Я оставил все его догадки на его совести. По сути, я отрезвел от недавнего прошлого достаточно, чтобы меня не беспокоило, что он обо мне думает, сам же я думал лишь о предстоящей встрече с Наташей, уже, кажется, пьянея близким будущим, и шел к ее дому сам не свой, в необычайном волнении. За спиной шумела удалявшаяся перстовская машина. Меня поглощала вечерняя тьма, передававшая моим коленкам мелкую противную дрожь. В окнах большой комнаты, где мы с Иннокентием Владимировичем сидели перед его концом, горел свет, но страх отгонял окна, и они казались далекими и игрушечными, узкими прорезями, в которых застыл другой, отличный от темноты цвет. Я боялся. Я почти забыл, что меня могут подозревать в причастности к смерти Иннокентия Владимировича, что некоторые обстоятельства и впрямь делают меня как будто причастным к этой смерти, и боялся я только Наташи, ее высокой скорби, неприступности, непознаваемости в ее неожиданно новом положении, боялся ее высокомерного взгляда, неосторожного слова, собственного бесправия перед ее правом обличать меня.

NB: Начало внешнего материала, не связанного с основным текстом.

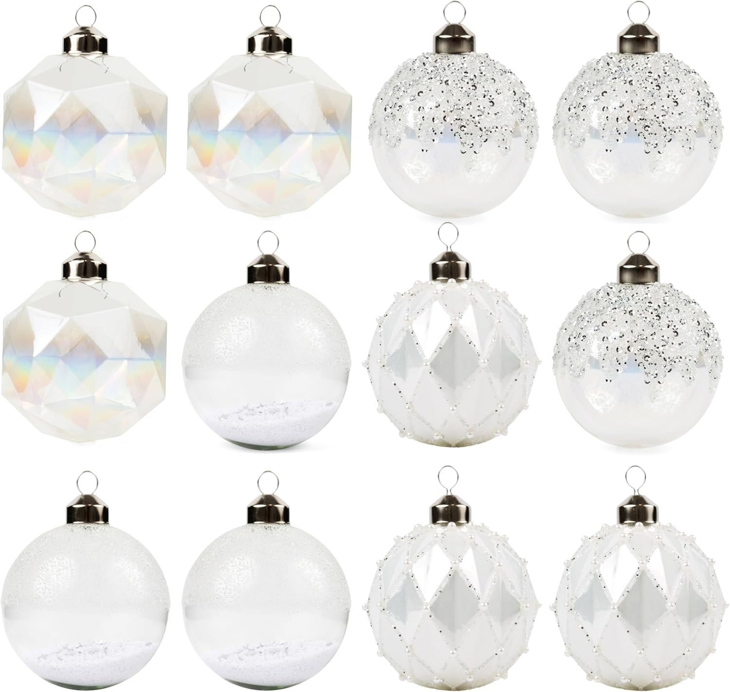 - A beautiful assortment of iridescent and crystal-shaped glass ornaments with matching silver hardware and ribbon hangers

Когда я увидел ее, меня захлестнула волна желания окунуться в последнюю глубину человеческих отношений, прыгнуть в огонь, в кипящую смолу, сгореть, провалиться без шанса на возвращение. Но что же такое под этим подразумевалось? Неужели броситься на колени, целовать ей руки и плакать оттого, что она несказанно прекрасна и невыразимо человечна в своем горе, неужели это и было бы последней глубиной, безвозвратной бездной, невероятным счастьем, осуществлением самой несбыточной грезы и воплощением самой зыбкой иллюзии? Не ведая ответа, я стоял робко, скромно, почти глупо и смотрел на нее. Она не отводила глаз. Мы стояли в центре той самой комнаты, где несколько дней назад Иннокентий Владимирович одарял меня своими прощальными тирадами, стояли под ослепительно звонкой люстрой и смотрели друг на друга, как Адам и Ева в раю. Я убежден: то, что я прочитал в ее глазах, было либо любовью в какой-то смягченной, успокоенной форме и признательностью за то, что я наконец вспомнил о ней, а если не о ней, то по крайней мере о приличиях, либо ничем, пустотой, пустыми глазницами, дикой и ничего не сулящей неосвоенностью.
- Я согрею чай, - сказала она дружелюбно.
Я согласно кивнул, с удивлением глядя на ее руки, которые будут проделывать некую работу ради моей сытости. Впрочем, я, может быть, пристрастно следил, не разойдутся ли у нее слова с делом, и это была во мне алчность голода. Она прошла в кухню и поставила чайник на плиту, я прошел вслед за ней и в кухне сел на стул.
- А хочешь вина? - спросила Наташа.
Внутренне я засмеялся от удовольствия, от счастья. Но пить вино отказался, хотя так же машинально, как согласился с чаем; чай я всегда хотел, чай обещал продолжение в виде пирожков или пряников, а вино для моего голодного до эгоизма желудка было глупостью. Наташа сочла мой отказ недостаточно мотивированным, достала из буфета початую бутылку (ее, возможно, начинал еще "папа"), наполнила рюмки, и мы выпили. Я не почувствовал, чтобы пили мы в память о "папе", Наташа ничего не сказала, и на миг меня больно и неприятно поразило предположение, что о покойном вообще не будет воспоминания. Чайник закипел, на столе возникла вазочка с вкусными вещами, и я стал прихлебывать чай, с хрустом закусывая.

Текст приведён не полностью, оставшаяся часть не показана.